Jennifer Lewis leaves that option open if parking gets even more precious. But after 15 years in their house on Georgia Avenue, she’s happy to have the problem. “We’re getting hit with both the expansion of Normaltown business and the Health Sciences Campus. It’s a good thing for us,” says Lewis. Painting yellow curbs on alternating sections of Georgia Avenue solved her concern—for now, she says.

Limiting parking in other areas may push more students, as well as restaurant and bar patrons, to park farther and farther into neighborhoods, she says. “Right now, do I want to go to the trouble of paying $10 a year just to park in front of my own house? No,” Lewis says. “But if the situation changes, I’d be open to the idea.”

In the Buena Vista neighborhood across Prince Avenue, some residents are also grumbling about clogged streets and blocked intersections.

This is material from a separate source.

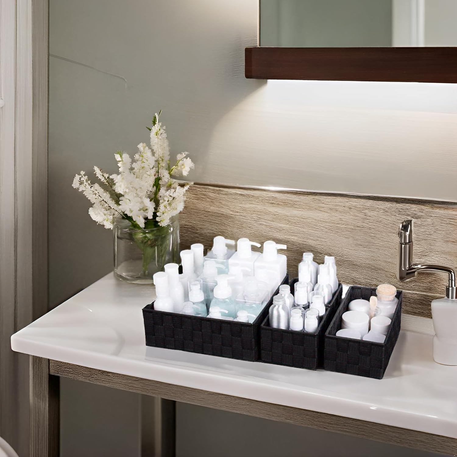 Package includes 4 pack different size woven storage boxes, 1 large size: 11″ x 11″ x 4.1″(L×W×H), 1 medium size: 10.2″ x 5.1″ x 3.7(L×W×H), 2 small size: 5.1″ x 5.1″ x 3.7″(L×W×H), washable.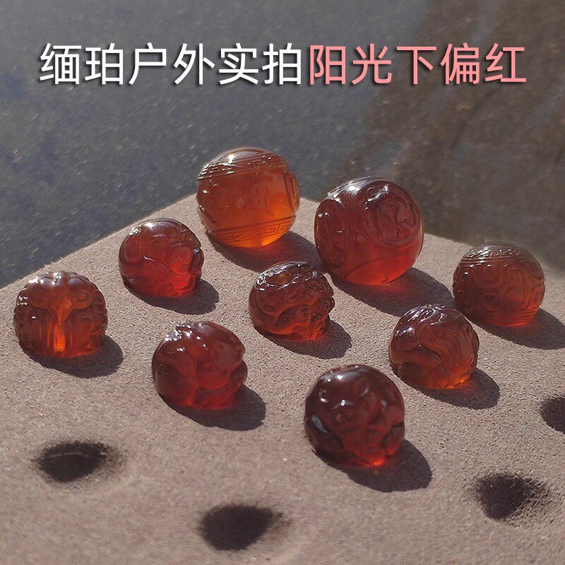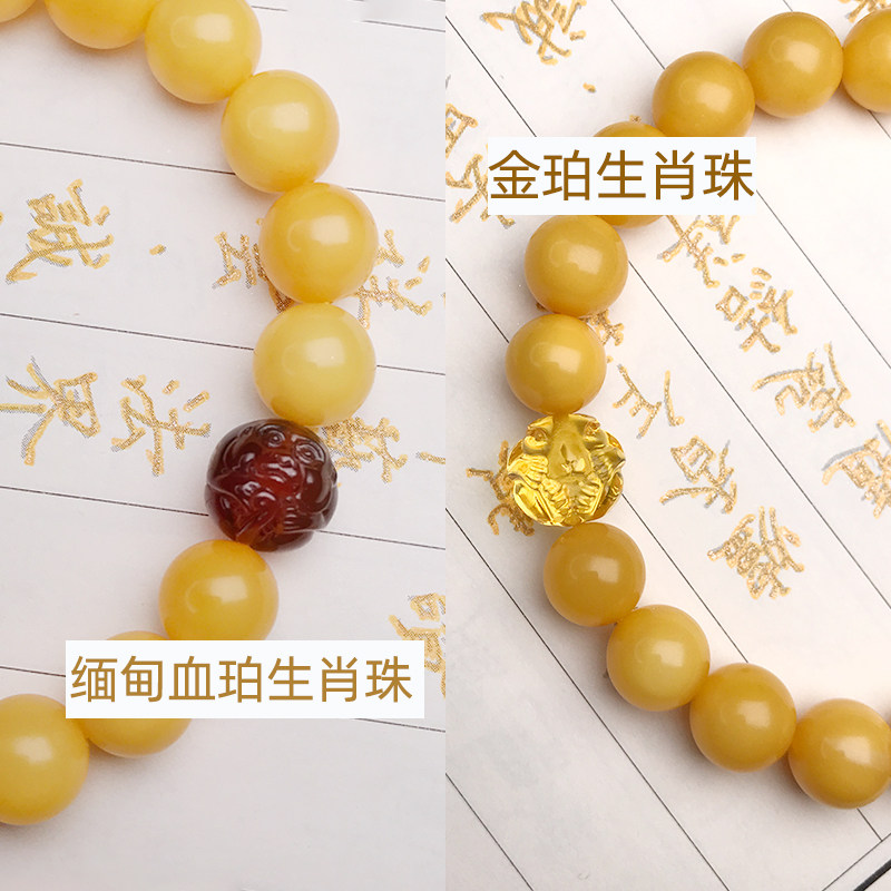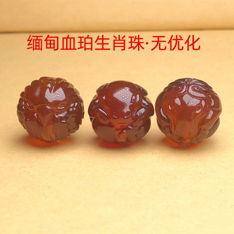 📚 【捡漏微瑕】天然缅甸棕红血珀金珀生肖珠琥珀蜜蜡散珠手串配饰

To an extent, residents in neighborhoods on both sides of Prince Avenue say they don’t mind parked cars, which slow traffic. But some are wistful for the insulated Navy School, which stayed contained to its campus.

“Regardless of what was going on at the Navy School, there was never—I mean never—a parking issue,” Greg Yoder said at a July 7 meeting when commissioners discussed yellow-curbing Georgia Avenue. The university shouldn’t expect the Athens community to provide free parking for students when UGA received the Navy School property for free, he said.

As UGA grows, the problem could expand to other neighborhoods. While no Eastside streets are currently part of the parking permit program, UGA’s new veterinary teaching hospital on College Station Road is causing similar problems for residents there.

“The students aren’t supposed to park there, but they are parking at Kroger. They are parking at churches. And they are parking in neighborhoods,” Laurin Smith told commissioners July 7. “So, we are suffering from that.”